Many countries and international organizations set the maximum permissible amounts of aflatoxins in various food items. This level may vary depending on the type of product and whether the country exports or imports the impacted food items. The national legislation on mycotoxins in Türkiye is in accordance with the regulations of the European Union (European Commission, 2010). According to Turkish law (Turkish Codex), the highest AFB1 level for red peppers (Capsicum spp., their dried fruits, sweet or spicy red peppers in whole or powdered form) can be 5 ppb, while the levels for total AF are 10 ppb (TFC 2011).
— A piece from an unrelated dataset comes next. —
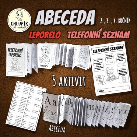 Součástí je telefonní LEPORELO – sada karet se jmény 34 dětí, seřazených podle abecedy. U každého jména je obrázek dítěte, který si děti mohou vybarvit. Na druhé straně leporela najdete abecedu se čtyřmi podobami písma doplněnou obrázky pro lepší zapamatování.

Based on the reports published by the Rapid Alert System for Food and Feed (RASFF) from January 2020 to July 2023, it is revealed that 589 of those contain mycotoxins, while 453 (92.2%) of them are related to aflatoxins. 33 of the 44 notifications concerning mycotoxins in the category of “herbs and spices’’ were related to aflatoxins. There were no red pepper samples among the five, which were of Türkiye origin (RASFF, 2023)
Due to the aflatoxins being genotoxic carcinogens, their levels within food items should be monitored and reduced by adhering to the as low as reasonably achievable (ALARA) principle to keep aflatoxin exposure at a minimum (EFSA, 2007). In developing countries where food regulations are not implemented or improperly applied, dietary exposure to aflatoxins could lead to specific health hazards (Ismail et al., 2021). Chronic dietary exposure to certain mycotoxins found in spices has been established in some nations such as Spain (Cano-Sancho et al., 2013), Ethiopia (Hunduma Tolera et al., 2020), Serbia (Udovicki et al, 2021), Lebanon (Al Ayoubi et al., 2021), and Pakistan (Naz et al., 2022).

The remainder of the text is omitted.